Fig 2: The left panel plots both the effective area curves for the UV filters and an ATLAS9 synthetic M6 V spectrum. The right panel shows the wavelength distribution of photons, as a fraction of the total, detected through each filter. For cool stellar sources, the bluest UVW2 filter has a better optical response than the UVM2 filter, explaining the turnover in the UV colour-colour distribution.
Extragalactic models and standard spectra have been included in the lower panels of figure 1. Using these particular combinations of colours, the optical set provide a more sensitive diagnostic for discriminating Galactic from Extragalactic sources, in the absence of dust and cosmological expansion.
The observed colour-colour distributions are broader than those of the combined models and standard sources caused in part to photometric measurement uncertainty. Also we have yet to consider source reddening due to dust within our galaxy. In figure 3 we take the logg = 5.0 stellar sequence from the ATLAS9 models and extinguish them with increasing columns of Galactic dust content before folding the spectra through the XMM-OM effective area curves.
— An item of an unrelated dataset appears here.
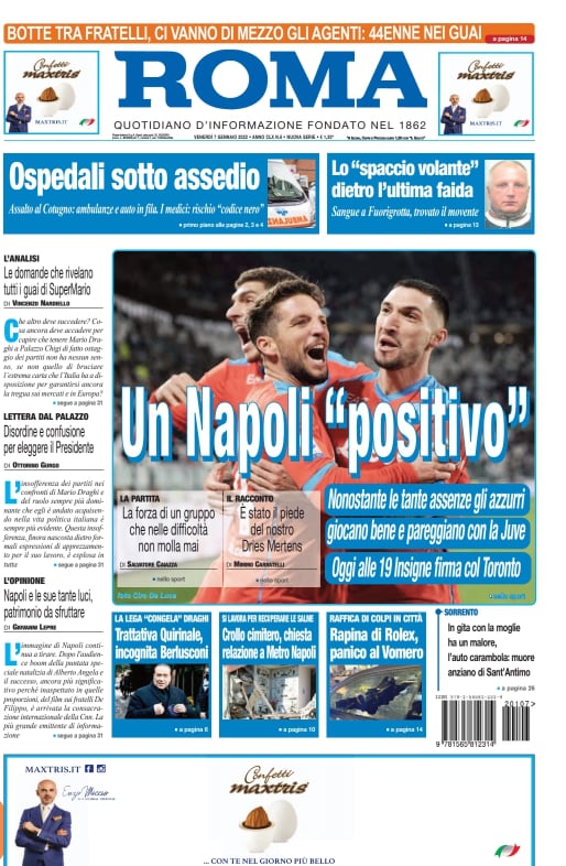 "Un Napoli positivo. Oggi Insigne firma col Toronto" si legge in prima pagina sull'edizione odierna del quotidiano Roma oggi in edicola. Gioco di parole in piena pandemia per il giornale che esalta gli azzurri dopo il pari di Torino.

Fig 3: Colours from the ATLAS9 stellar spectra reddened by varying columns of Galactic dust. Spectral extinction coefficients are taken from Pei (1992), with Rv = 3.08.
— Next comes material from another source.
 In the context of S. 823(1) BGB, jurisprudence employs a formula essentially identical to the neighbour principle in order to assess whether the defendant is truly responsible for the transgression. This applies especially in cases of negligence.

UVM2−UVW1 colours naturally tend towards the red as dust extinction increases. UVW2−UVM2 colours however evolve towards the blue with increased redenning. This is a consequence of the broad 2175 graphite feature in the Galactic extinction curve. Due to the intrinsically red nature of cool stars there is degeneracy in the UV colours between M dwarfs and e.g. highly redenned G stars, a degeneracy which does not exist in optical colours, highlighting the importance of associated optical observations.
Figure 3 takes the family of cold elliptical galaxy models from Rocca-Volmerange and Guiderdoni (1988) and rebins the spectra to discrete redshifts out to z = 0.5. The absence of far-UV information for the oldest elliptical populations prevents us from extending the models accurately to higher redshifts.
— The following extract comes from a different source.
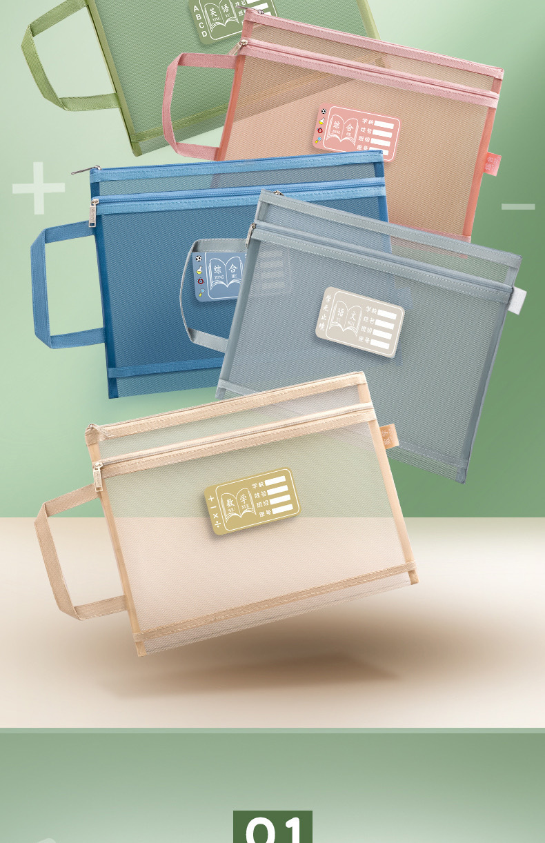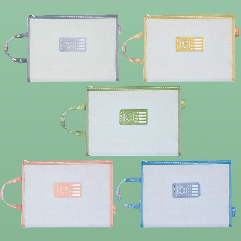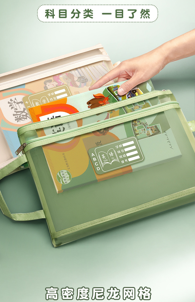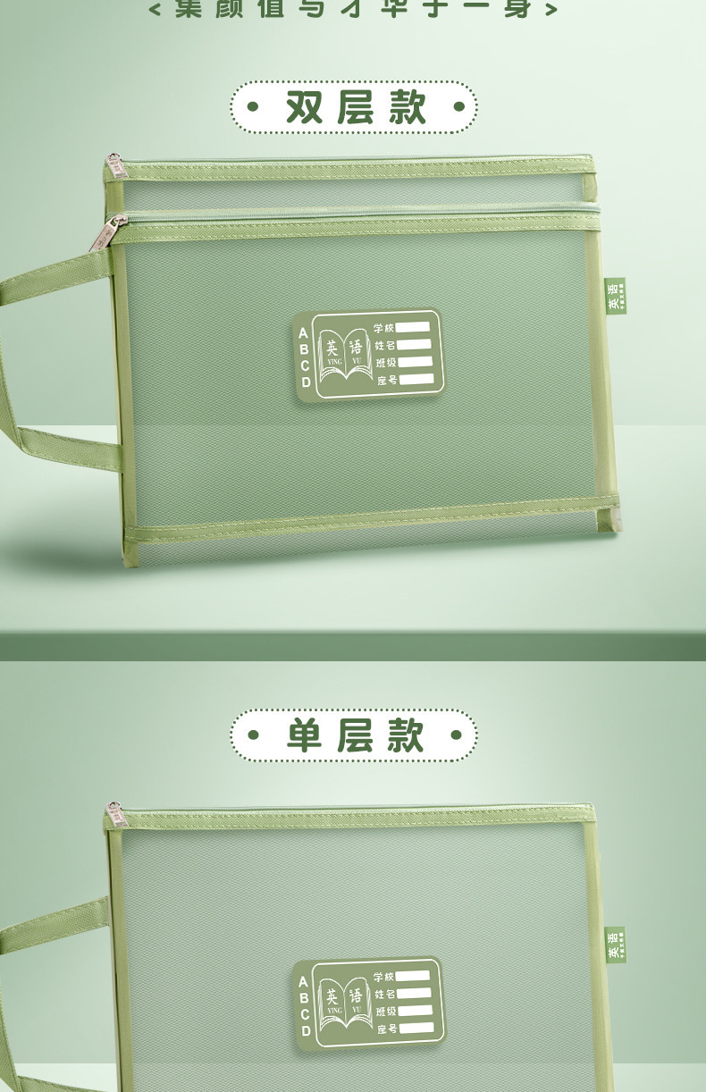 학생 과목 분류 가방 나일론 메쉬 더블 레이어 지퍼 파일 가방 파일 데이터 보관 핸드백 보관 가방

For most sources along the track of cold ellipticals, UV colours between 0.00 < z < 0.15 indicate a general trend towards redder UVW2−UVM2 colours with redshift which, however, reverses towards bluer colours at > 0.15. There is a UV upturn in the spectral models due to horizontal branch populations which the XMM-OM bandpasses cannot detect in the restframe, but sources at z > 0.15 become increasingly sensitive to the feature as it shifts towards the red. It is the upturn which is causing the trend towards blue colours with higher redshift. While UVW2−UVM2 tracks the old, post-main sequence population at high redshift, UVM2−UVW1 colours remain insensitive to the UV upturn. Instead, they provide a tracer for star formation, albeit a tracer potentially confused by foreground dust (fig. 3).
The optical colours from the elliptical galaxy simulation evolve towards the top-left of the U−B - B−V diagram between 0.00 < z < 0.35. At redshifts > 0.35 the previous trend is reversed. By far the strongest spectral feature within ellipticals at z < 0.5, is the Balmer limit at a rest wavelength λ3646Å which passes from the XMM-OM B filter to the V filter z ~ 0.35. It is this transition across filter bandpasses which causes the switch in colour trend.